* _YOUR ASSIGNMENT_
Without copying any picture, transcribe exactly the lines of the data below from the one containing "Famiware Dinnerware Sets" through the one containing "Soft taupe verduisterende".

* _RECORDS SHOWN_
= = = = = = =

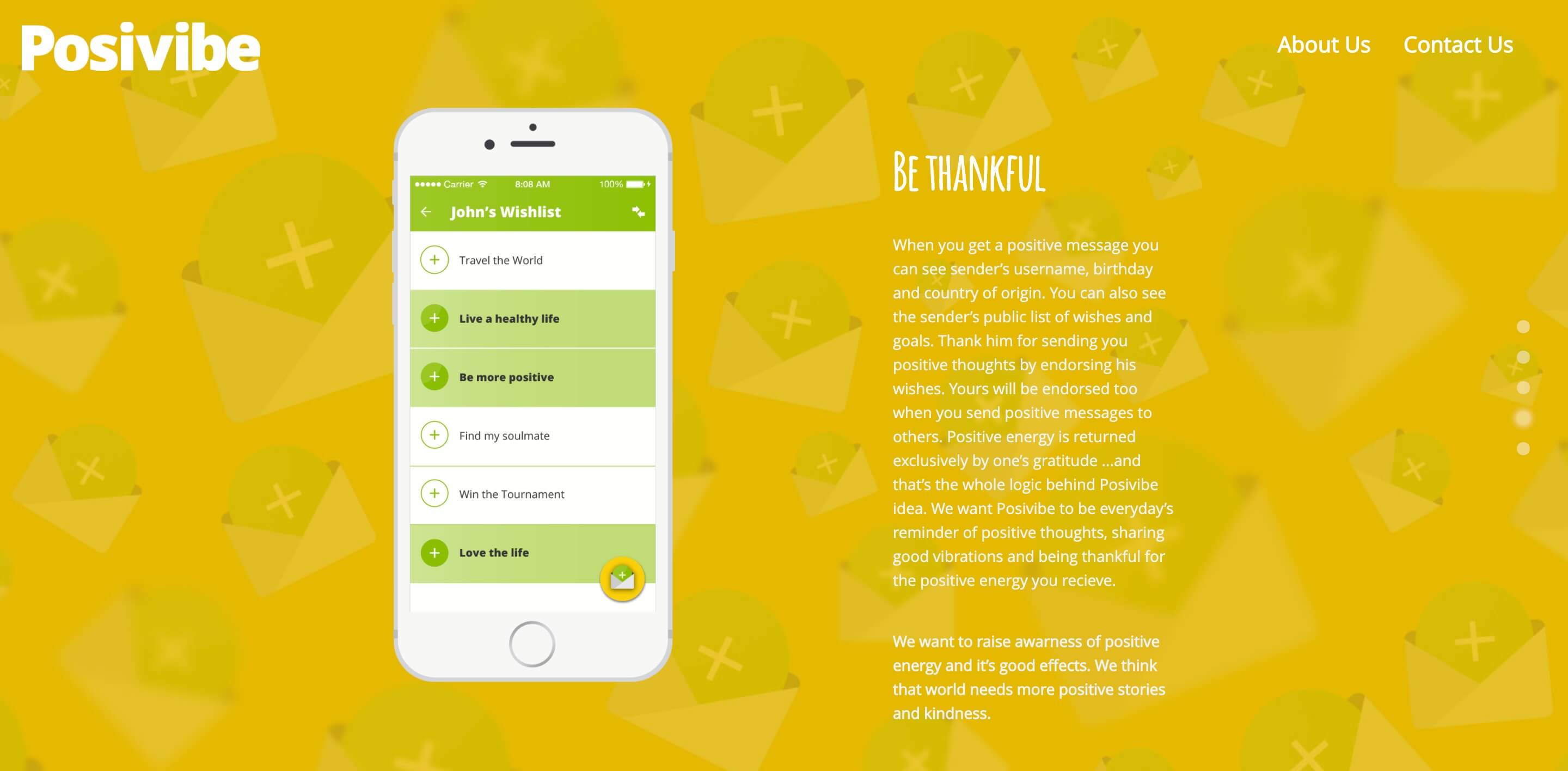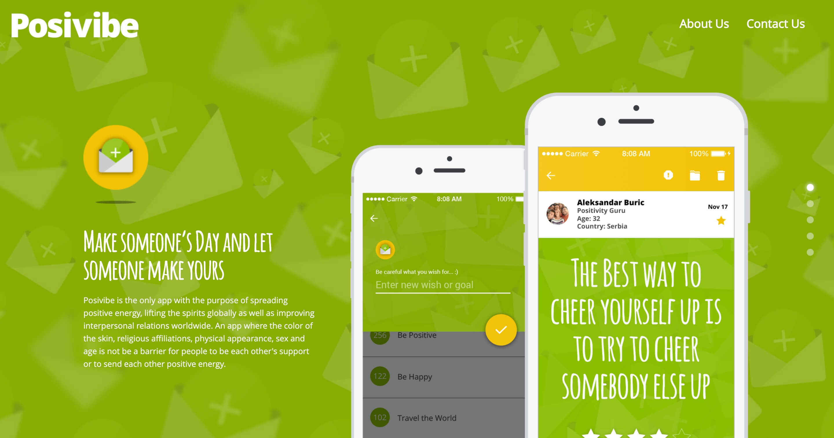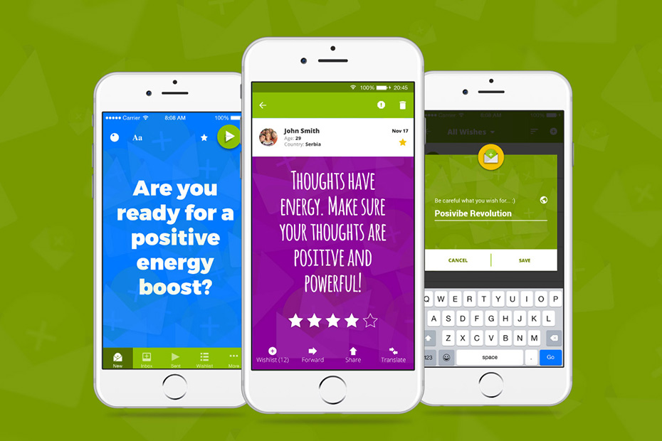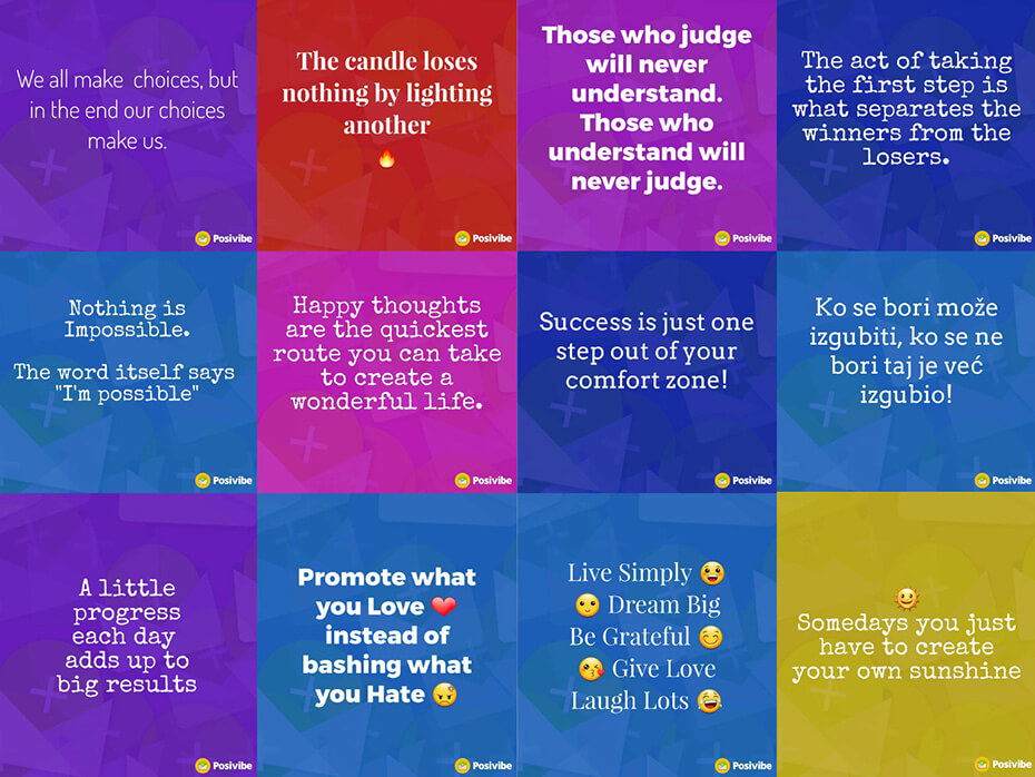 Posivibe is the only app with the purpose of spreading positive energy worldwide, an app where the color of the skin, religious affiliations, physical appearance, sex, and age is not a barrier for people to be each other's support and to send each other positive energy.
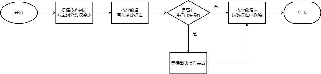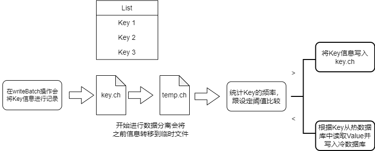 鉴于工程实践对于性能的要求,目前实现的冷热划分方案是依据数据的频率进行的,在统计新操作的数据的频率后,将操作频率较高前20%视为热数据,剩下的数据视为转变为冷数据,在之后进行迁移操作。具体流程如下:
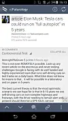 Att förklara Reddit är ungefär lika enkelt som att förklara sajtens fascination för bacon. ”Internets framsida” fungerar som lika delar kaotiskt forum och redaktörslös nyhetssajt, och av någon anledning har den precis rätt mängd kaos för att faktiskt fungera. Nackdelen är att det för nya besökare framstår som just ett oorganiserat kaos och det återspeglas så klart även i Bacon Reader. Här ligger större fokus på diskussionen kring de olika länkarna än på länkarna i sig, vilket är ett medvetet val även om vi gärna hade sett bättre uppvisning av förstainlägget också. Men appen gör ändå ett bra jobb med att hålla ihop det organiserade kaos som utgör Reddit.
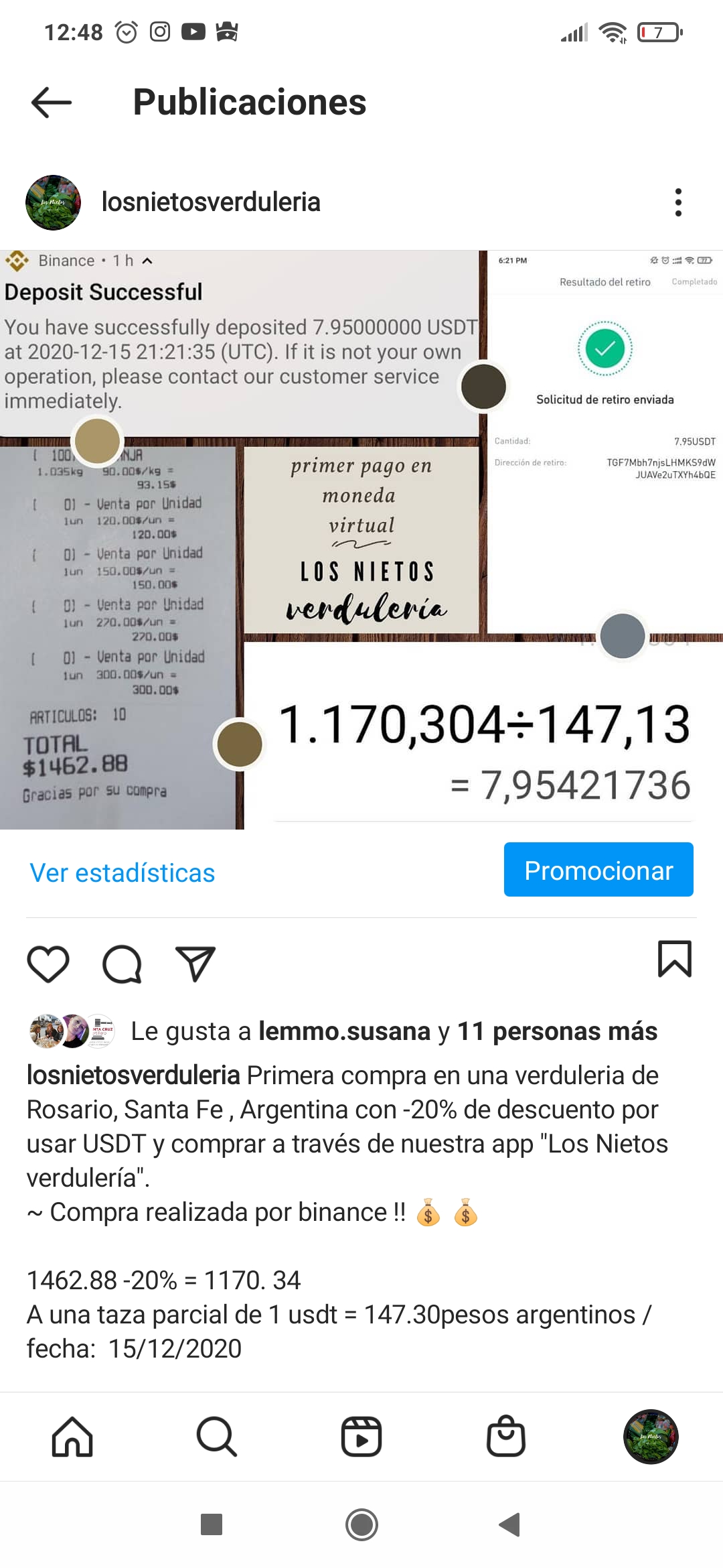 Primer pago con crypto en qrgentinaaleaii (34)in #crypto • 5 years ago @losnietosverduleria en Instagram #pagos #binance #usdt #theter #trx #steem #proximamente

= = = = = = =

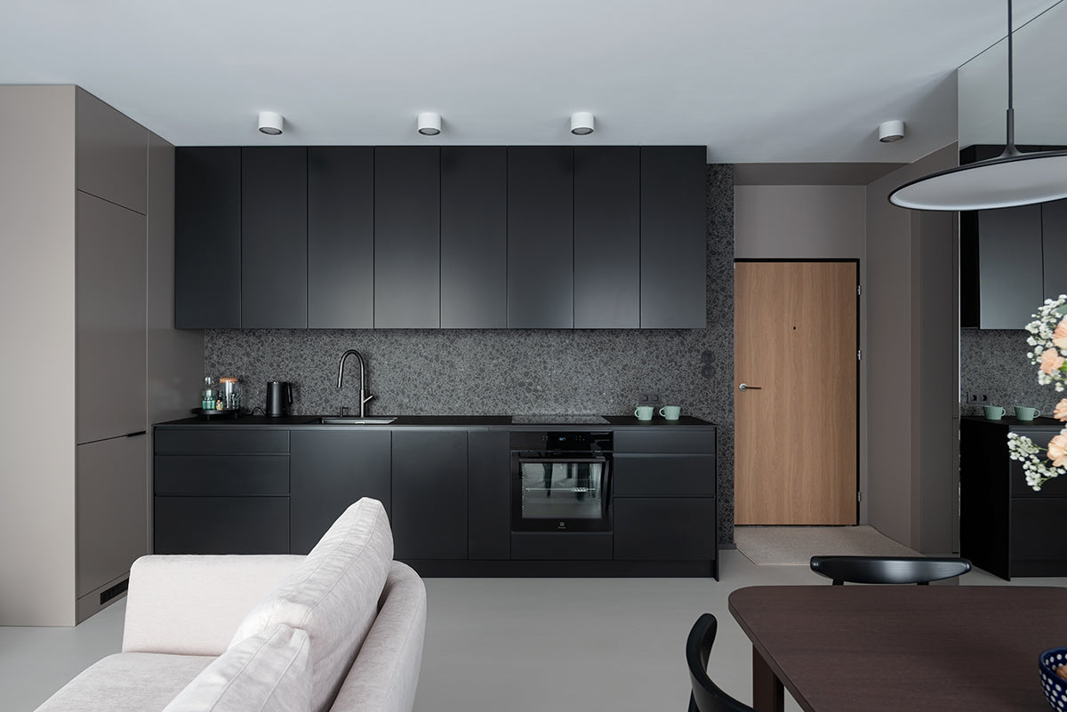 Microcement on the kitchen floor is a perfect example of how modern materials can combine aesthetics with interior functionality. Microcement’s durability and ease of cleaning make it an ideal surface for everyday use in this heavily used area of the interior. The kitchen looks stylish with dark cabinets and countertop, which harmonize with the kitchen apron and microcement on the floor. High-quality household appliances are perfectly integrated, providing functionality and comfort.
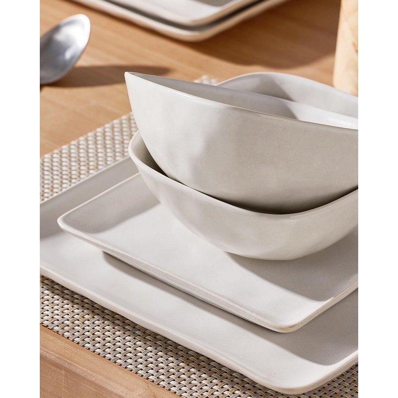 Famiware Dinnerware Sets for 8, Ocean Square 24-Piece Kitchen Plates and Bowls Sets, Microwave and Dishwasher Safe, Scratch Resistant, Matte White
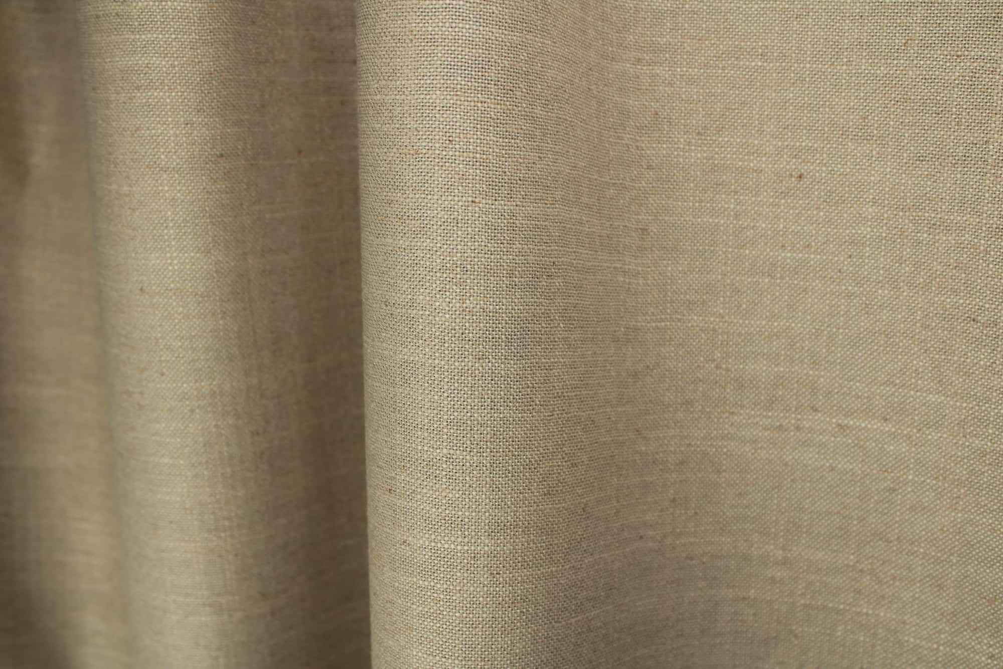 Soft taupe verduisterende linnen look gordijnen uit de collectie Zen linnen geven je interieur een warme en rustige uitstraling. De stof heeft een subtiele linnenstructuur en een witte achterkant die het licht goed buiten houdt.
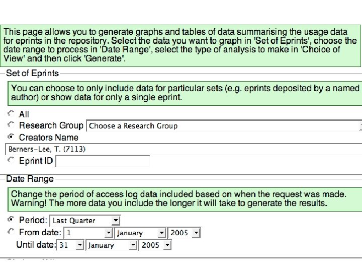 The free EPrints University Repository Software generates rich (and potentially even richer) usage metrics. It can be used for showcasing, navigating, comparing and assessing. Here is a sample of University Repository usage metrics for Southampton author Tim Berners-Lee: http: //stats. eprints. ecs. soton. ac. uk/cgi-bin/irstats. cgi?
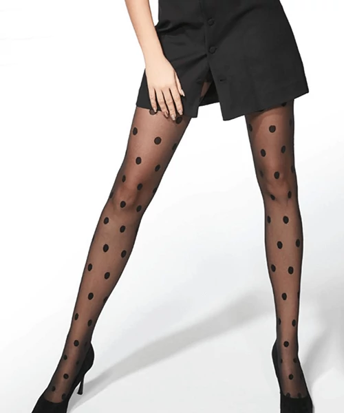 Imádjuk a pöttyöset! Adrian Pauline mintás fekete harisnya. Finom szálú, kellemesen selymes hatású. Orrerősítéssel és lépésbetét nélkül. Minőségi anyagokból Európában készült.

= = = = = = =

* _EXPECTED ANSWER_
 Famiware Dinnerware Sets for 8, Ocean Square 24-Piece Kitchen Plates and Bowls Sets, Microwave and Dishwasher Safe, Scratch Resistant, Matte White
 Soft taupe verduisterende linnen look gordijnen uit de collectie Zen linnen geven je interieur een warme en rustige uitstraling. De stof heeft een subtiele linnenstructuur en een witte achterkant die het licht goed buiten houdt.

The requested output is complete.